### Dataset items
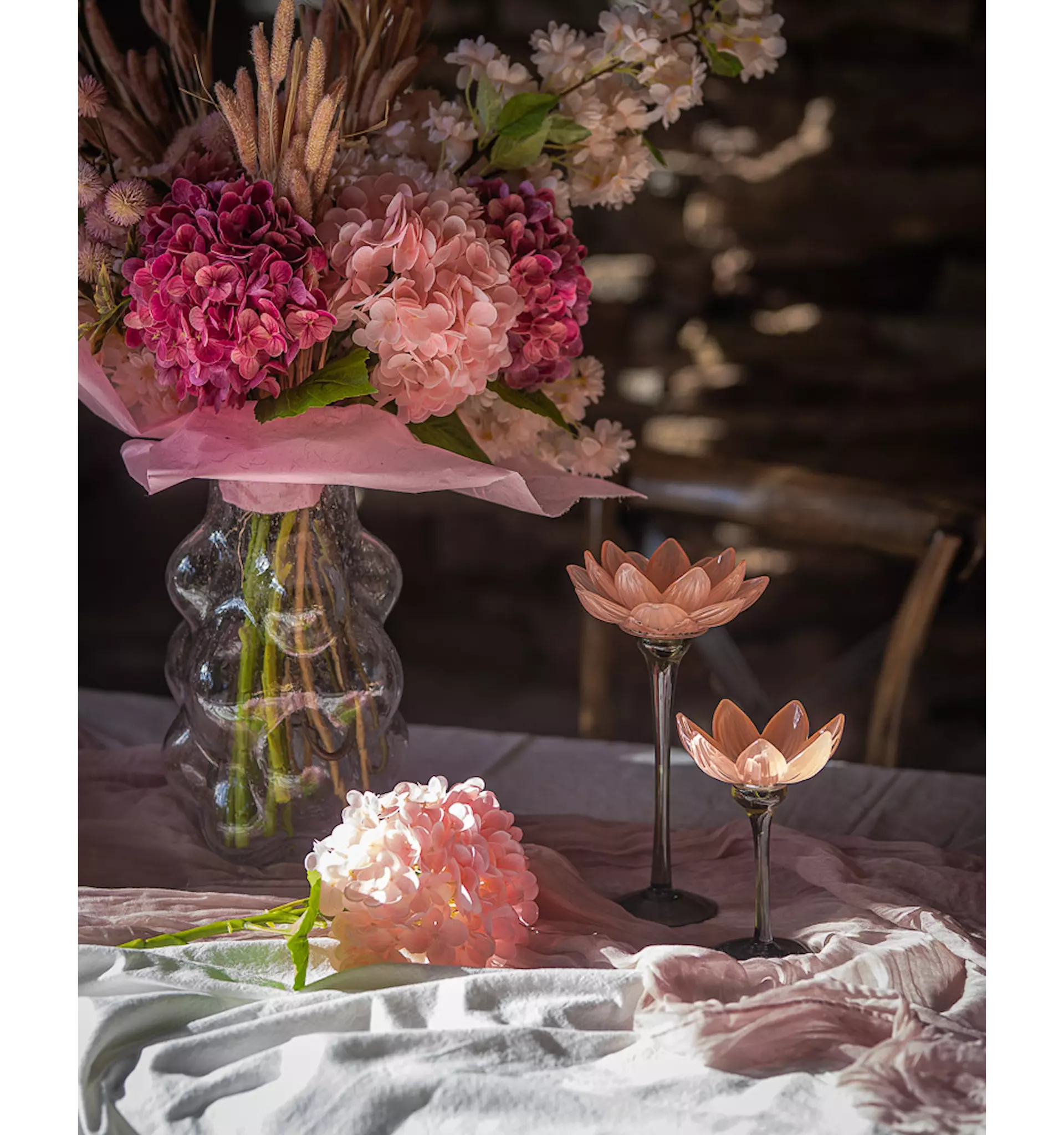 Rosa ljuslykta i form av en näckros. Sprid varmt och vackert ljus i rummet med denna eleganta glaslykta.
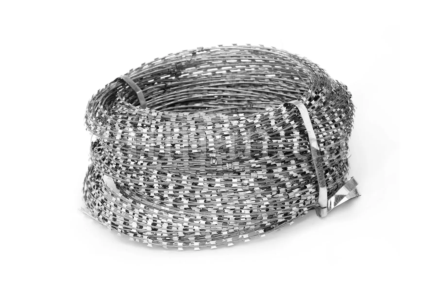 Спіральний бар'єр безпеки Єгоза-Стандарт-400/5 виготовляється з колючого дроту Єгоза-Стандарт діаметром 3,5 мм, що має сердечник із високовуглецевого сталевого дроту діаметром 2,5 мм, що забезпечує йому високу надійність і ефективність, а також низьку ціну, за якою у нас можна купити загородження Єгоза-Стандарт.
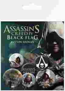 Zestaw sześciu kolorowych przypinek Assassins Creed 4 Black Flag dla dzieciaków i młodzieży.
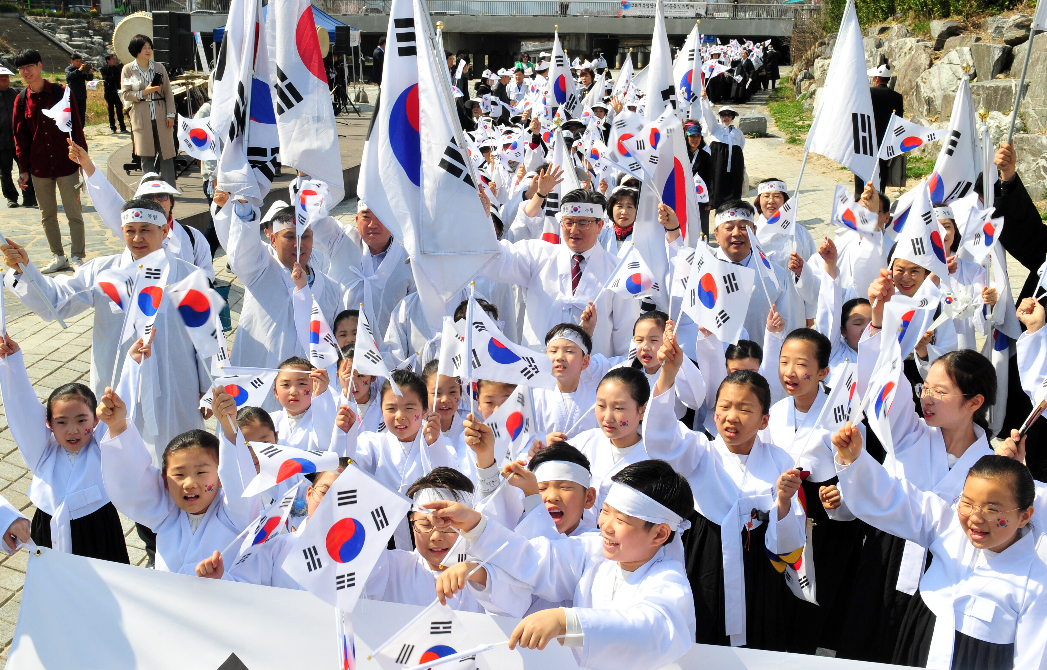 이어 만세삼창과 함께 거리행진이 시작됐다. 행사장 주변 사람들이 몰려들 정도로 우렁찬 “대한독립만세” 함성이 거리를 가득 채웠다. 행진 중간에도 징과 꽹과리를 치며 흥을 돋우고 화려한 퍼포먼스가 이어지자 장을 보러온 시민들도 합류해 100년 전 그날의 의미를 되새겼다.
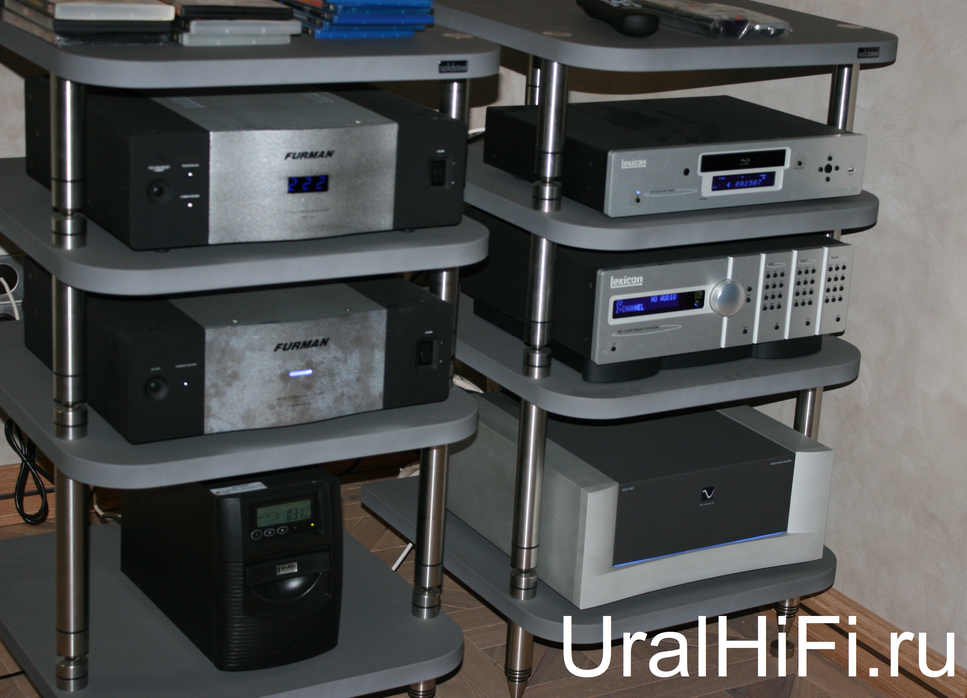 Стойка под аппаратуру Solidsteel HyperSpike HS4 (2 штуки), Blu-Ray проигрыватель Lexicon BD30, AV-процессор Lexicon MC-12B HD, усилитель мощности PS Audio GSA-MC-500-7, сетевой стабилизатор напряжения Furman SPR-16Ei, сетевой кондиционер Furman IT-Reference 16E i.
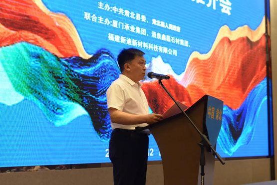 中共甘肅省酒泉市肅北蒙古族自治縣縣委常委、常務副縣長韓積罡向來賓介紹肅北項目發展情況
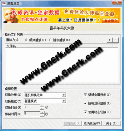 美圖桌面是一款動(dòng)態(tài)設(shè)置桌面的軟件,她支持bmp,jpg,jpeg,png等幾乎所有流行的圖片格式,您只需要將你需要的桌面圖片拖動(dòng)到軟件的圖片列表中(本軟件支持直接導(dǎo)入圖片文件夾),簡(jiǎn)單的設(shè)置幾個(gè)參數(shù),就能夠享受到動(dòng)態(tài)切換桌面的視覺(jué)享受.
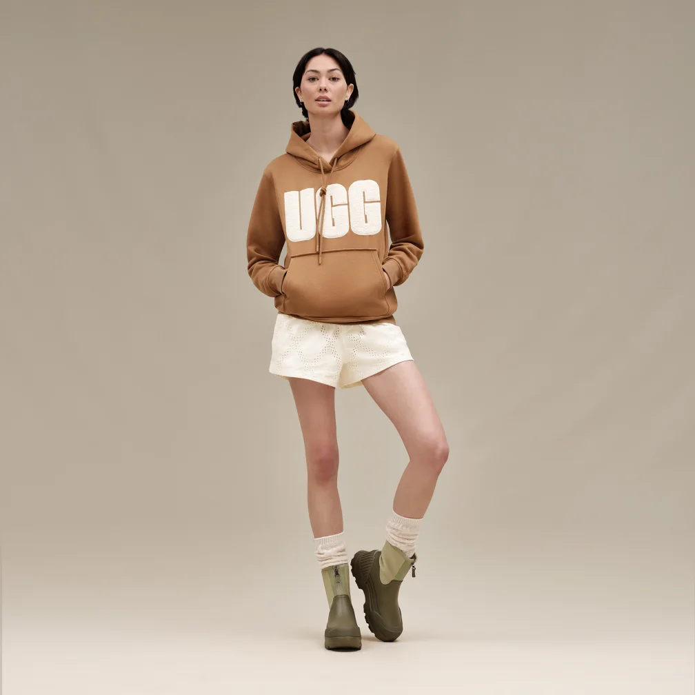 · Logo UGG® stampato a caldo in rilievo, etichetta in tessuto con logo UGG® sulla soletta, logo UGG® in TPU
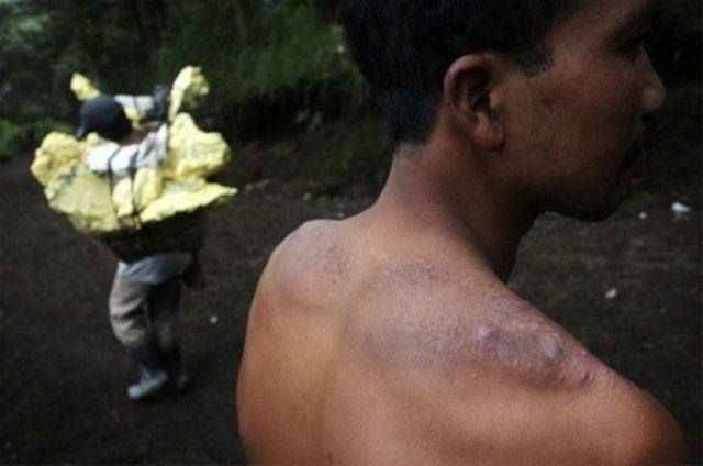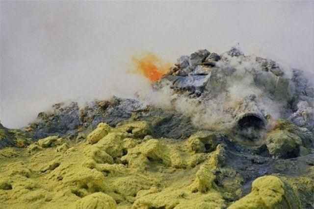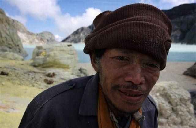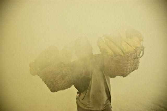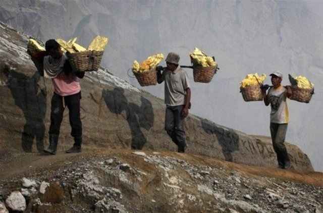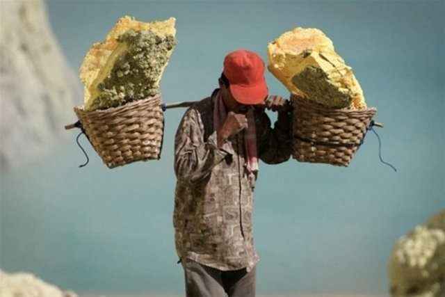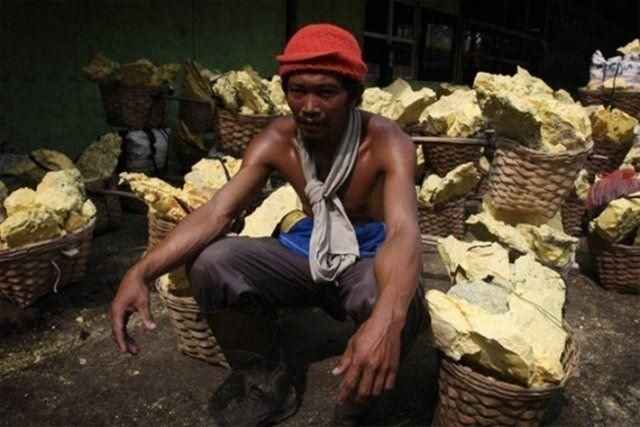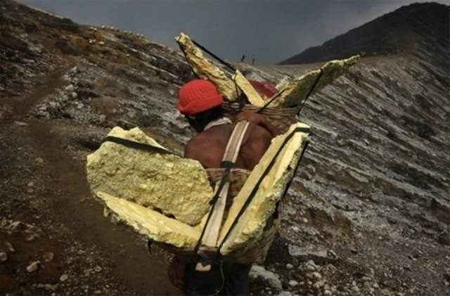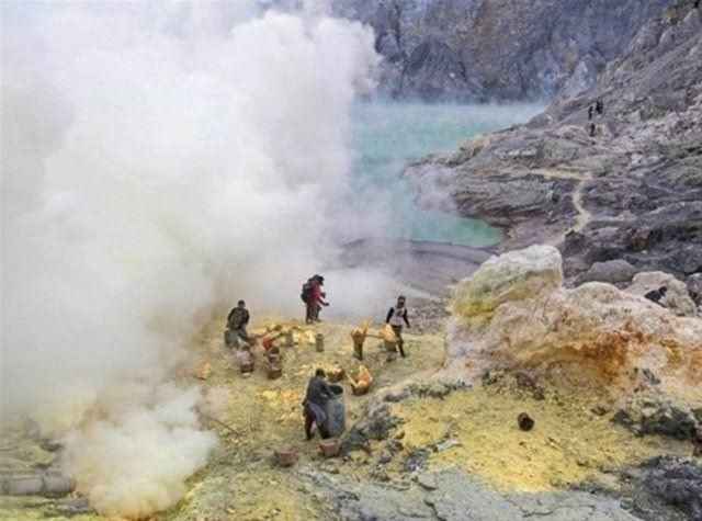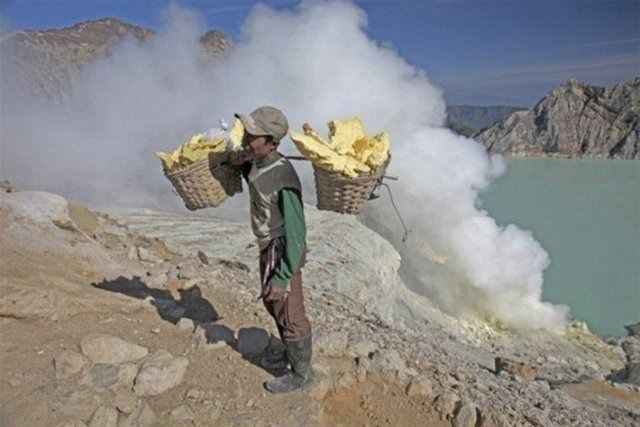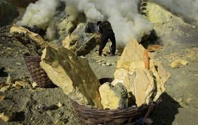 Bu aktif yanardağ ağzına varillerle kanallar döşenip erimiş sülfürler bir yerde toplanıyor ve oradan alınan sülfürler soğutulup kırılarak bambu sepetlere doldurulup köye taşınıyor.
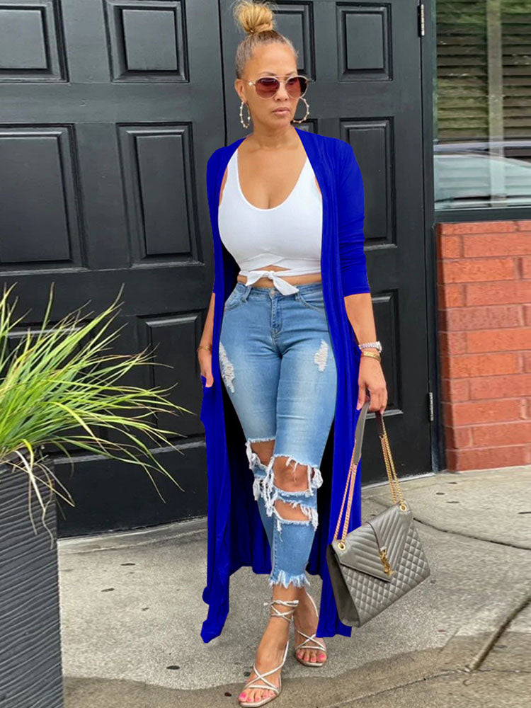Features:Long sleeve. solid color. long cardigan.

### ASSIGNMENT
Starting at the line above that has "Спіральний бар'єр безпеки" and ending at the line that has "UGG® in TPU", copy each line exactly, leaving the pictures out and adding nothing.

### OUTPUT OF THE TASK
 Спіральний бар'єр безпеки Єгоза-Стандарт-400/5 виготовляється з колючого дроту Єгоза-Стандарт діаметром 3,5 мм, що має сердечник із високовуглецевого сталевого дроту діаметром 2,5 мм, що забезпечує йому високу надійність і ефективність, а також низьку ціну, за якою у нас можна купити загородження Єгоза-Стандарт.
 Zestaw sześciu kolorowych przypinek Assassins Creed 4 Black Flag dla dzieciaków i młodzieży.
 이어 만세삼창과 함께 거리행진이 시작됐다. 행사장 주변 사람들이 몰려들 정도로 우렁찬 “대한독립만세” 함성이 거리를 가득 채웠다. 행진 중간에도 징과 꽹과리를 치며 흥을 돋우고 화려한 퍼포먼스가 이어지자 장을 보러온 시민들도 합류해 100년 전 그날의 의미를 되새겼다.
 Стойка под аппаратуру Solidsteel HyperSpike HS4 (2 штуки), Blu-Ray проигрыватель Lexicon BD30, AV-процессор Lexicon MC-12B HD, усилитель мощности PS Audio GSA-MC-500-7, сетевой стабилизатор напряжения Furman SPR-16Ei, сетевой кондиционер Furman IT-Reference 16E i.
 中共甘肅省酒泉市肅北蒙古族自治縣縣委常委、常務副縣長韓積罡向來賓介紹肅北項目發展情況
 美圖桌面是一款動(dòng)態(tài)設(shè)置桌面的軟件,她支持bmp,jpg,jpeg,png等幾乎所有流行的圖片格式,您只需要將你需要的桌面圖片拖動(dòng)到軟件的圖片列表中(本軟件支持直接導(dǎo)入圖片文件夾),簡(jiǎn)單的設(shè)置幾個(gè)參數(shù),就能夠享受到動(dòng)態(tài)切換桌面的視覺(jué)享受.
 · Logo UGG® stampato a caldo in rilievo, etichetta in tessuto con logo UGG® sulla soletta, logo UGG® in TPU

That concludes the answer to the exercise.